4.  After getting the following confirmation, Click Save.

5.  Remain on this Console page and continue to the next task.

Task Summary: Allison created a WeFOCUS Server Connection to send Trusted Connections to the configured Reporting Server.

Task 4 – Configuring WebFOCUS for External Authentication and Authorization

In this task Allison will configure WebFOCUS to use the Server and its LDAP security provider to authenticate users and return their AD user and group information.

1.  Select Security Tab from the console Menu Bar.

2.  Select Security Configuration > External from the left tree

3.  Make the following changes, then Select Connect to test the Server Service Account credentials. That will enable the remaining settings for User Authorization

Enable External Security

·  Server Administrator ID pth\srvadmin

·  Password srvadmin

4.  After receiving the following confirmation window, Click OK.

5.  Make the following additional changes:

·  User Authorization: Internal and External

·  Account Creation on Sign In: Mapped External Groups

·  Synchronize User Inoformation with

Authentication Provider :

6.  Select Save

7.  Click OK for the confirmation screens.

8.  Select Security Configuration > Advanced from the left tree

9.  Set the WebFOCUS Root credentials and unselect, Enable Password Change, click Save.

·  Root User super

·  Root Password super

·  Enable Password Change

Tip: In the event that WebFOCUS is misconfigured or the Server is down, Allison can sign into WebFOCUS using these Root credentials. It’s not necessary to create a WebFOCUS account for this user and this does not need to be an Active Directory account.

10. Click Close in the Administration Console banner.

11. Click Sign Out from the WebFOCUS banner.

12. Close Internet Explorer and continue to the next task.

Task Summary: Allison configured WebFOCUS to authenticate and authorize users to the Server. She also set the superuser credentials so she can access WebFOCUS in the event she’s misconfigured something.

Task 5 – Configuring WebFOCUS Security Tracing

In this task Allison will configure the com.ibilog logger so she can see detailed security messages in the WebFOCUS event.log. Before going into production she will return the log level back to its original value of info.

1.  Open the Utilities folder on your Windows desktop.

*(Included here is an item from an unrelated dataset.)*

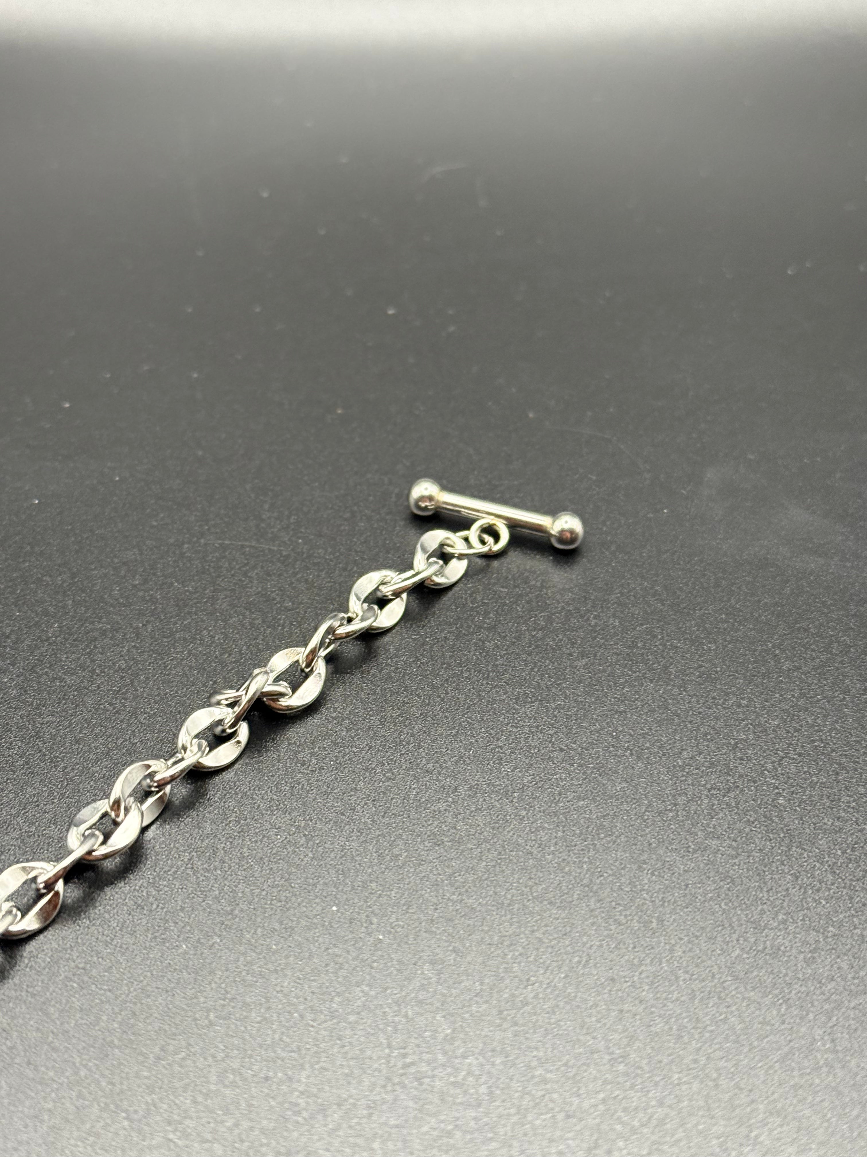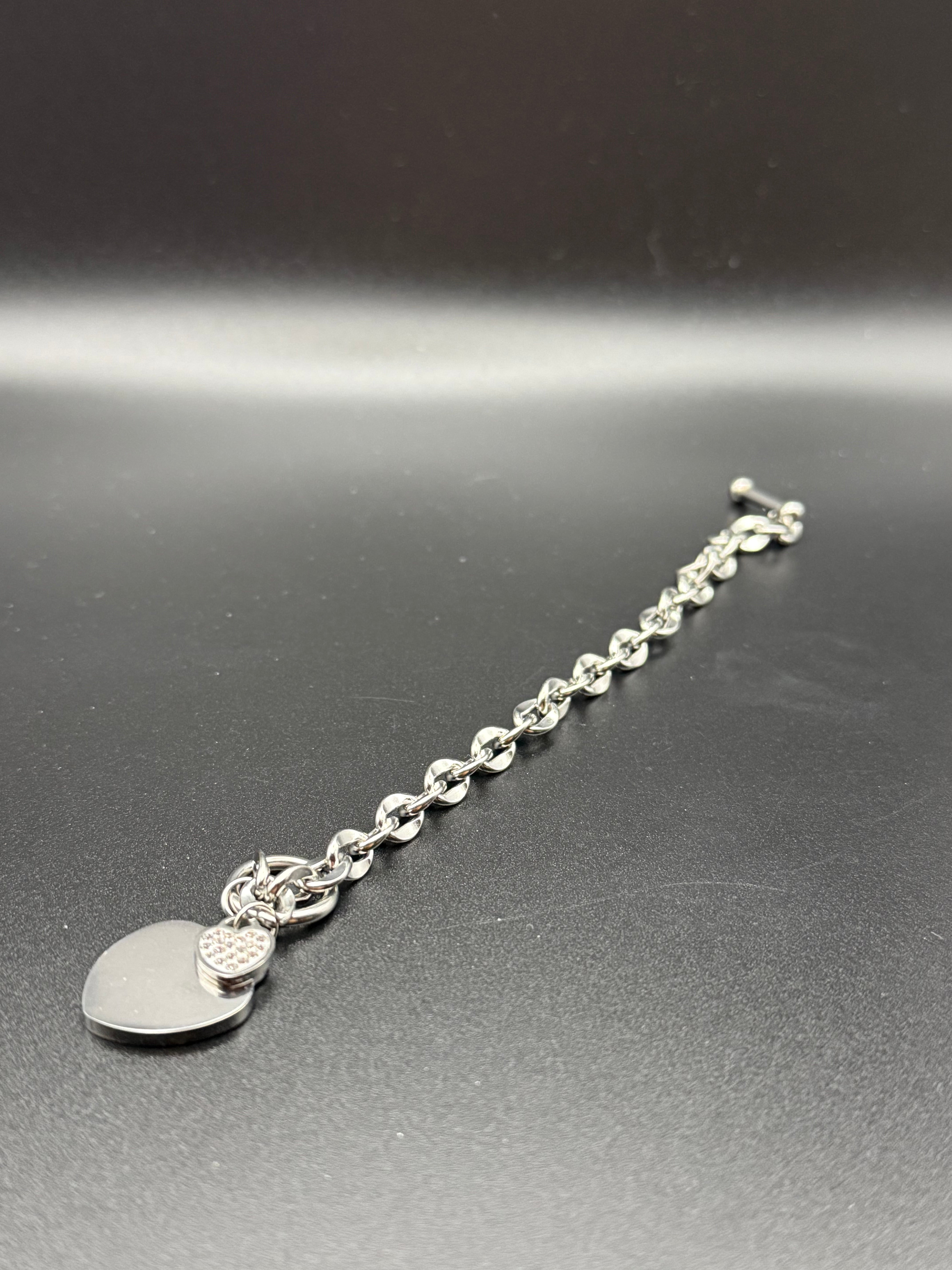 Die markante Kettenstruktur trifft auf glänzendes Silber-Finish und wird durch das doppelte Herz-Detail zum subtilen Highlight. Stark. Zeitlos. Selbstbewusst.

2.  Open the Security Lab folder.

3.  Double-click the log4j shortcut.

4.  On line 553 carefully change the com.ibilog level value from info to trace.

5.  Click Save.

6.  Close Notepad++.

7.  Close the Windows Explorer window.

8.  Open Windows Services from the Taskbar.

9.  Right-click Apache Tomcat 8.021 for WebFOCUS service and select Stop.

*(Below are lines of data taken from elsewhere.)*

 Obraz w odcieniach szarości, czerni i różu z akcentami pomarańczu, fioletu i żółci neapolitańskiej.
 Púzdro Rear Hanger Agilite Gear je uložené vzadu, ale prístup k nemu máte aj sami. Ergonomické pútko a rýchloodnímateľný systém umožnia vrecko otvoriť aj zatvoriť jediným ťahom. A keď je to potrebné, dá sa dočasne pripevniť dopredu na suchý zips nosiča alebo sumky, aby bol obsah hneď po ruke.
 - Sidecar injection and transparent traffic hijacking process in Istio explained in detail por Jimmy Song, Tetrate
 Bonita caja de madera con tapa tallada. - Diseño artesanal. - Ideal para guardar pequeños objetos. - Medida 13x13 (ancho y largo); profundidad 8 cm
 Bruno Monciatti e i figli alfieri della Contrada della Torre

10. When the Service stops, Status will be empty, Right-click Apache Tomcat 8.021 for WebFOCUS service and select Start.

11. Close the Services dialog and the Utilities folder and continue to the next task

Task Summary: We configured additional logging, so that we could review additional diagnostic information withint he event.log for user authentication and authorization.

This logging can also be enabled from the console, for the duration of the application server restart.

Task 6 – Testing External Authentication

In this task Allison will test the new external authentication configuration. However, because she has not yet mapped any WebFOCUS groups to AD groups, she will be internally authorized. This is why is was necessary to create the aw01 account using Security Center (Task 2) and place it into the WebFOCUS Administrators group. Allison will use the TailMe utility to see security messages in the WebFOCUS audit.log and event.log, as well as the Server’s edaprint.log.

1.  Open TailMe icon on the Taskbar, and minimize it. We will review that output in step 6

2.  Sign in to WebFOCUS using Internet Explorer and the following credentials:

·  User Name: aw01

·  Password: Password1

3.  Notice that Allison’s full name now appears in the menubar, even though you left the user description property blank when you created her account in Security Center (Task 2).

This is because you set Syncrhonize User Information with Authentication Provider

IBI_UPDATE_USER_INFO=TRUE in Task 4.

4.  Maximize TailMe. It shows messages written to the WebFOCUS audit.log, event.log, and the Server edaprint.log (from top to bottom). The log level change you just made enables the useful DEBUG/TRACE messages in the event.log (middle panel).